INPUT DATA:

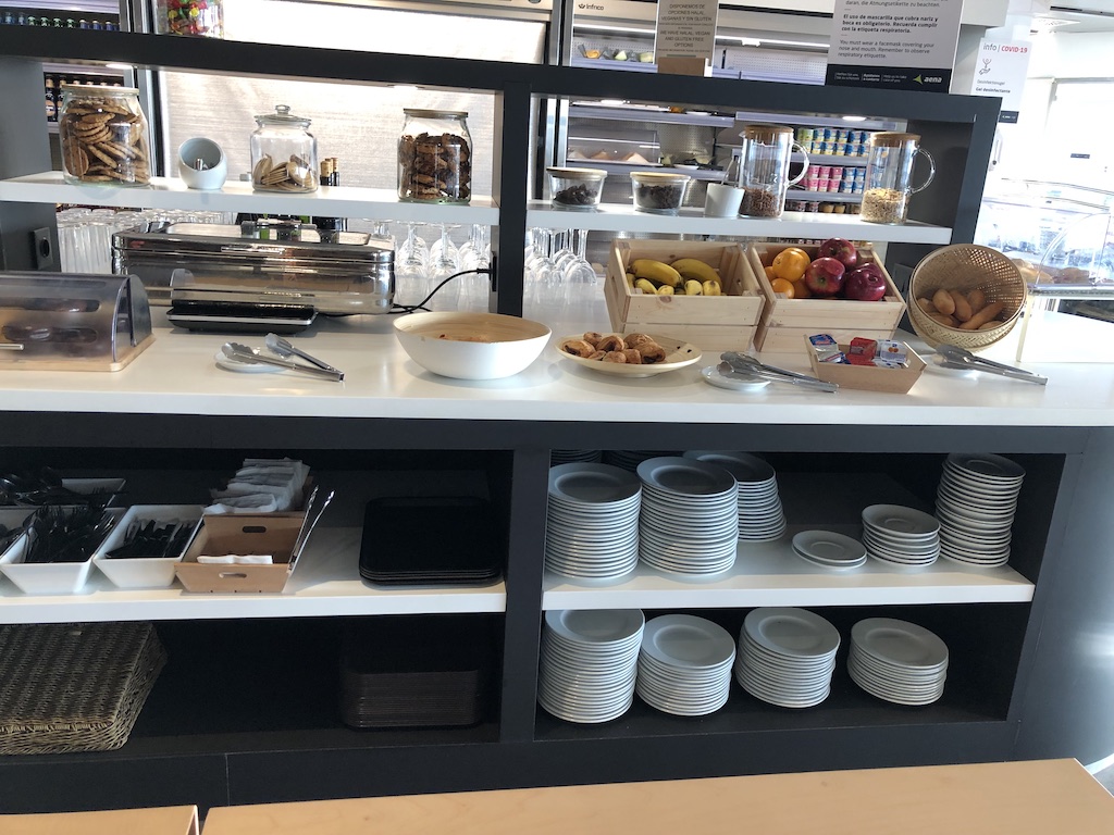 In der Lounge gibt es zahlreiche Kühlschränke die sonst zur Selbstbedienung bereit stehen. Derzeit waren diese gesperrt und wurden lediglich vom Personal als Vorrat genutzt. Die Ausgabe der meisten Speisen und Getränken erfolgt durch die Mitarbeiter, lediglich der Vollautomat für Kaffee und Tee nutzen die Besucher selbstständig.
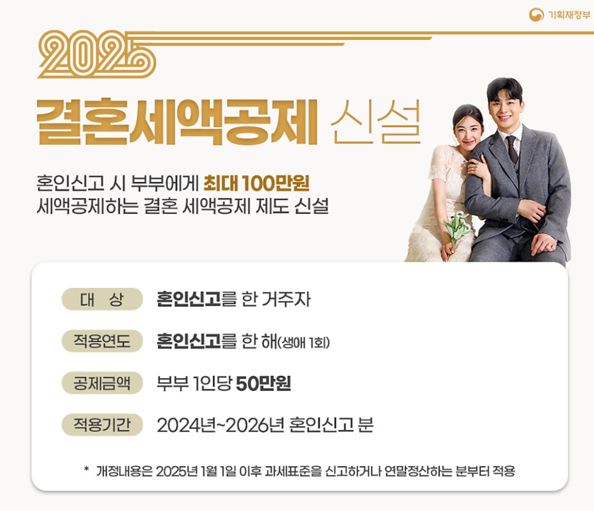 정부에서 혼인한 부부에게 최대 100만 원의 세금을 돌려주는 제도입니다. 신혼부부의 경제적 부담을 줄이기 위해 2024년부터 3년간 한시적으로 시행됩니다.
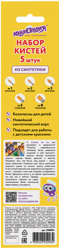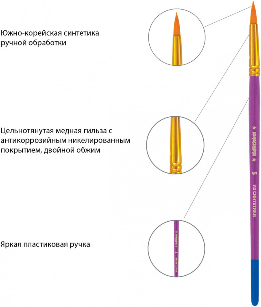 💳 Оплатить за товар можно при получении 🇰🇿 Есть бесплатная доставка по Казахстану 🎁 Копите бонусы с каждой покупки Набор из пяти кистей разного размера «Юнландия» позволяет начинающим художникам решать любые творческие задачи в детском саду, школе и дома. |
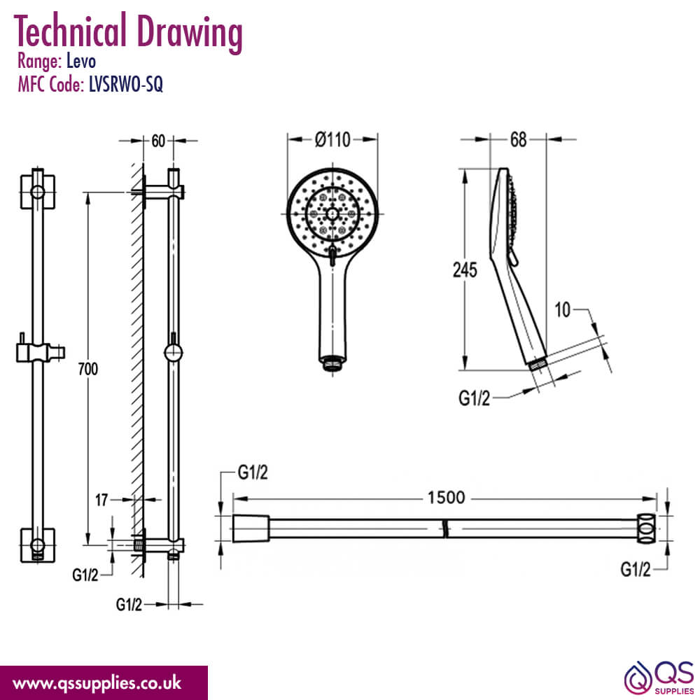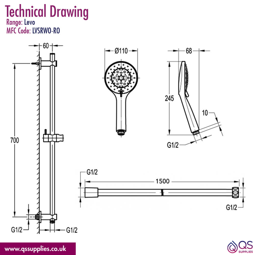 Flova Levo Diamond Chrome Shower Riser Rail Kit with Integral Wall Outlet
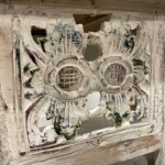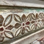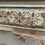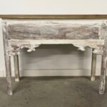 - DESCRIPTION: Hand crafted with a contemporary distressed whitewash finish, this carved console table has wonderful decorative details. It’s size and style will allow it to be right at home in a variety of aesthetics and will add a unique touch to any space. A vintage carved panel graces the front of the whitewashed console and carved floral panels on each side add more details. The reclaimed wood top, with it’s handsome wood grain contrasts nicely to the whitewashed distressed base for a modern style. Handcrafted from reclaimed teak wood and other hardwoods with a distressed whitewashed hand finish. This carved console table is so versatile it’s sure to be a great addition to your home. Works handsomely in the entry way, perfect as a sofa table or a unique Media console. Organic character and texture throughout.
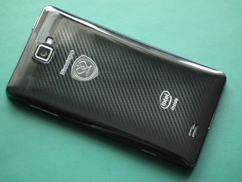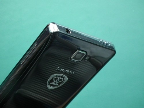 Na tylnym panelu, którego grafika oddaje efekt włókna węglowego – skądinąd ciekawe stylistycznie producent umieścił lekko wystające, dlatego podatne na porysowania oczko aparatu z diodą LED. Poniżej mamy logo Prestigio, niżej logo koncernu z Santa Clara – Intel Inside oraz dwie szczelinki tylnego głośnika.
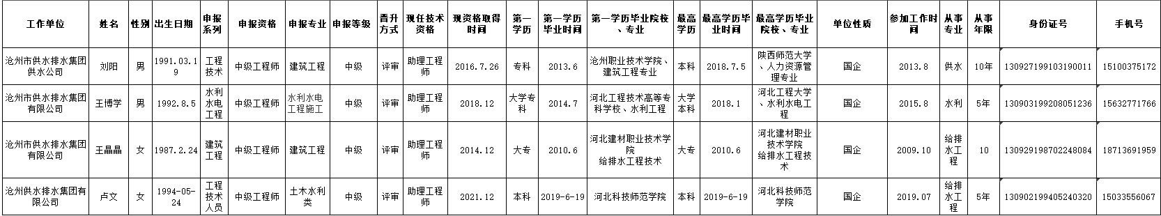 2021年供排水集團(tuán)申報(bào)中級(jí)職稱人員登記表
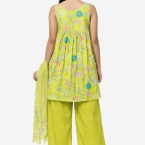 The kurta features a modern yet timeless design that can be styled for multiple occasions. Its clean lines and elegant detailing allow you to accessorize according to your personal style. The coordinating plazo pants add a flowy and graceful touch, completing the outfit with a relaxed and sophisticated appeal.
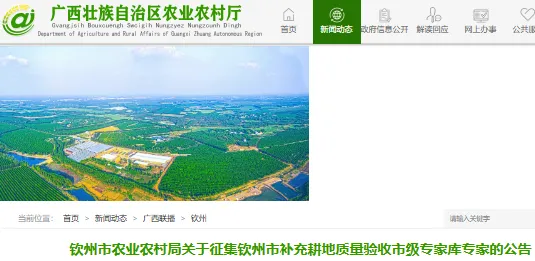 钦州市农业农村局关于征集钦州市补充耕地质量验收市级专家库专家的公告
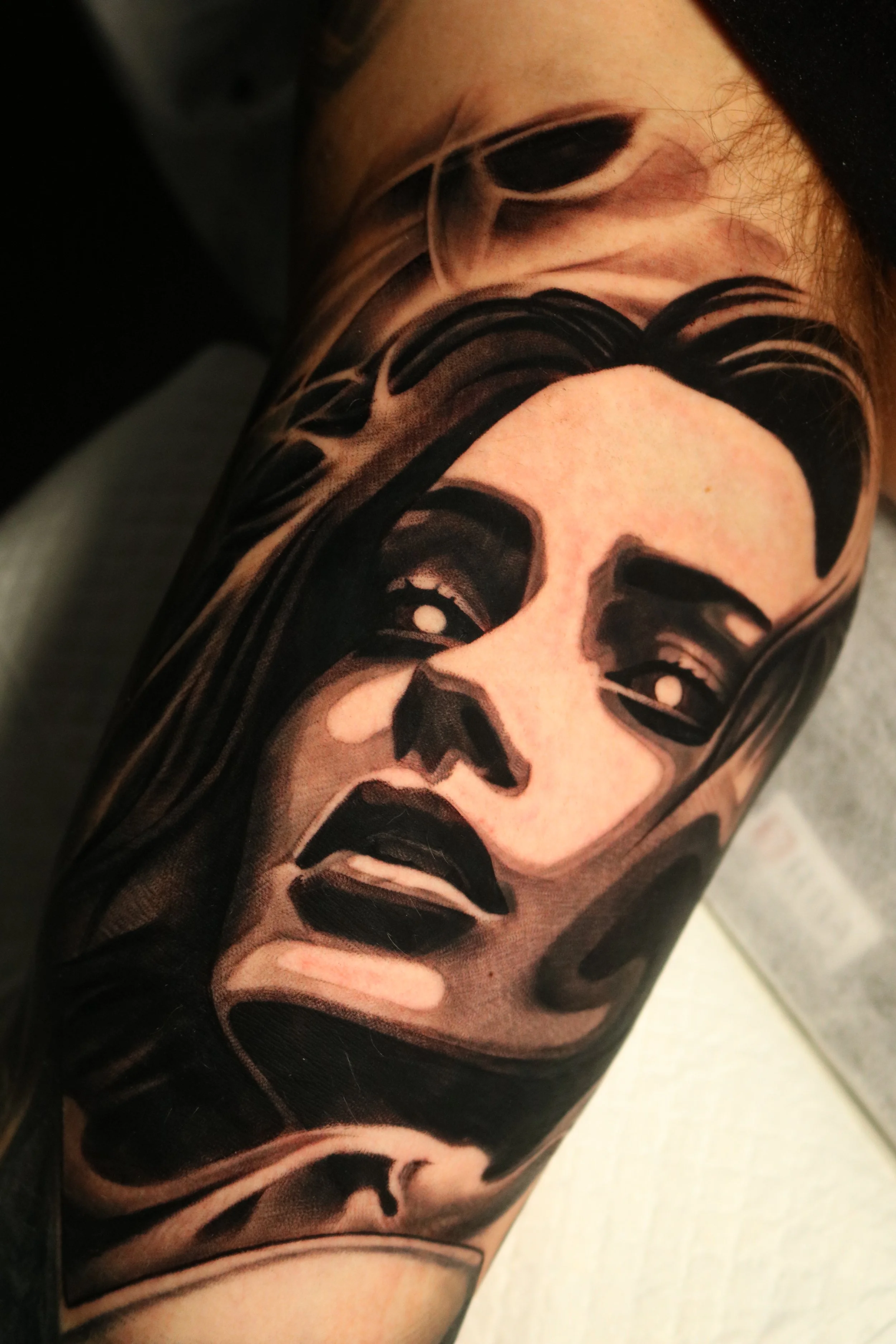 Illustrative tattooer Ricky Brookfield blurs the lines between abstract black work and realism with his striking use of heavy contrast in figures and portraits. His approach embraces neo-traditional styles, particularly in his naturalistic tattoos, where his heavy line work and impeccable blending skills redefine the boundaries of realism. Ricky's mastery of contrast, achieved through bold line work and deep shadows, is especially evident in his detailed tattoos of Greek Gods and female portraits, where each piece becomes a dynamic interplay of light and dark.
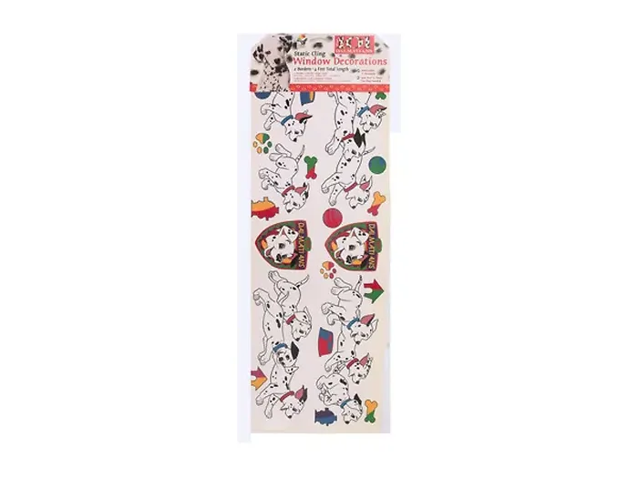 Add a touch of magic to your windows with these Disney's 101 Dalmatians static cling window decorations. This set includes two borders that combine for a total length of 4 feet and a height of 4 5/8 inches. Each border features a charming dalmatian crest alongside playful dalmatian pups engaging with colorful toys, bones, bowls, and houses.
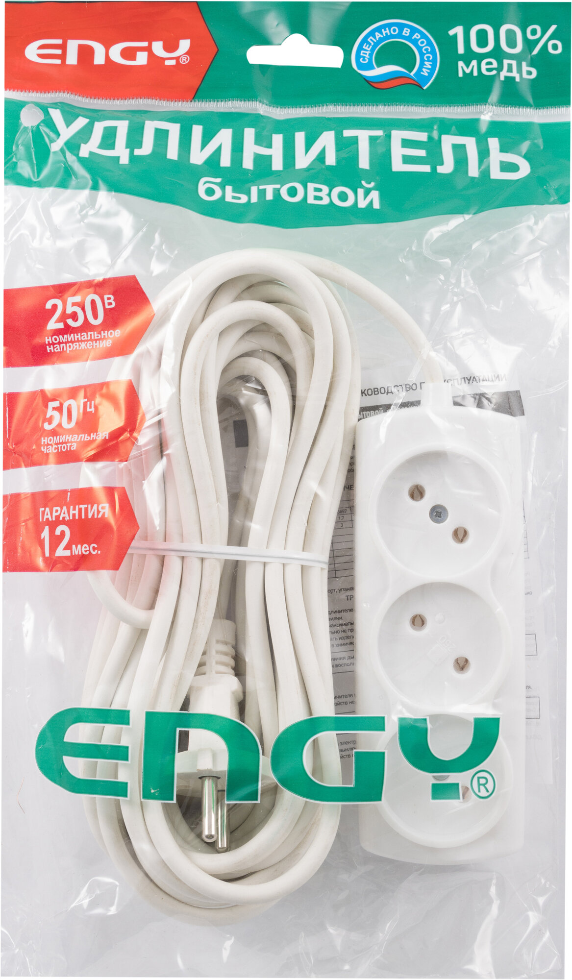 Удлинитель сетевой электрический Engy "Премиум", 10 метров, 3 розетки, белый информация:
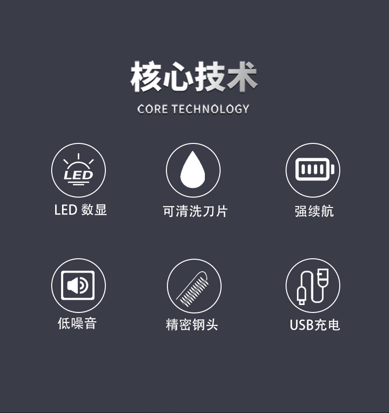 核心卖点:智能数显调节,锋利刀头,低噪音设计。

ACTION ITEM: Since the copy must hold no pictures, repeat everything else in the records exactly as written.

REPLY:
 In der Lounge gibt es zahlreiche Kühlschränke die sonst zur Selbstbedienung bereit stehen. Derzeit waren diese gesperrt und wurden lediglich vom Personal als Vorrat genutzt. Die Ausgabe der meisten Speisen und Getränken erfolgt durch die Mitarbeiter, lediglich der Vollautomat für Kaffee und Tee nutzen die Besucher selbstständig.
 정부에서 혼인한 부부에게 최대 100만 원의 세금을 돌려주는 제도입니다. 신혼부부의 경제적 부담을 줄이기 위해 2024년부터 3년간 한시적으로 시행됩니다.
 💳 Оплатить за товар можно при получении 🇰🇿 Есть бесплатная доставка по Казахстану 🎁 Копите бонусы с каждой покупки Набор из пяти кистей разного размера «Юнландия» позволяет начинающим художникам решать любые творческие задачи в детском саду, школе и дома. |
 Flova Levo Diamond Chrome Shower Riser Rail Kit with Integral Wall Outlet
 - DESCRIPTION: Hand crafted with a contemporary distressed whitewash finish, this carved console table has wonderful decorative details. It’s size and style will allow it to be right at home in a variety of aesthetics and will add a unique touch to any space. A vintage carved panel graces the front of the whitewashed console and carved floral panels on each side add more details. The reclaimed wood top, with it’s handsome wood grain contrasts nicely to the whitewashed distressed base for a modern style. Handcrafted from reclaimed teak wood and other hardwoods with a distressed whitewashed hand finish. This carved console table is so versatile it’s sure to be a great addition to your home. Works handsomely in the entry way, perfect as a sofa table or a unique Media console. Organic character and texture throughout.
 Na tylnym panelu, którego grafika oddaje efekt włókna węglowego – skądinąd ciekawe stylistycznie producent umieścił lekko wystające, dlatego podatne na porysowania oczko aparatu z diodą LED. Poniżej mamy logo Prestigio, niżej logo koncernu z Santa Clara – Intel Inside oraz dwie szczelinki tylnego głośnika.
 2021年供排水集團(tuán)申報(bào)中級(jí)職稱人員登記表
 The kurta features a modern yet timeless design that can be styled for multiple occasions. Its clean lines and elegant detailing allow you to accessorize according to your personal style. The coordinating plazo pants add a flowy and graceful touch, completing the outfit with a relaxed and sophisticated appeal.
 钦州市农业农村局关于征集钦州市补充耕地质量验收市级专家库专家的公告
 Illustrative tattooer Ricky Brookfield blurs the lines between abstract black work and realism with his striking use of heavy contrast in figures and portraits. His approach embraces neo-traditional styles, particularly in his naturalistic tattoos, where his heavy line work and impeccable blending skills redefine the boundaries of realism. Ricky's mastery of contrast, achieved through bold line work and deep shadows, is especially evident in his detailed tattoos of Greek Gods and female portraits, where each piece becomes a dynamic interplay of light and dark.
 Add a touch of magic to your windows with these Disney's 101 Dalmatians static cling window decorations. This set includes two borders that combine for a total length of 4 feet and a height of 4 5/8 inches. Each border features a charming dalmatian crest alongside playful dalmatian pups engaging with colorful toys, bones, bowls, and houses.
 Удлинитель сетевой электрический Engy "Премиум", 10 метров, 3 розетки, белый информация:
 核心卖点:智能数显调节,锋利刀头,低噪音设计。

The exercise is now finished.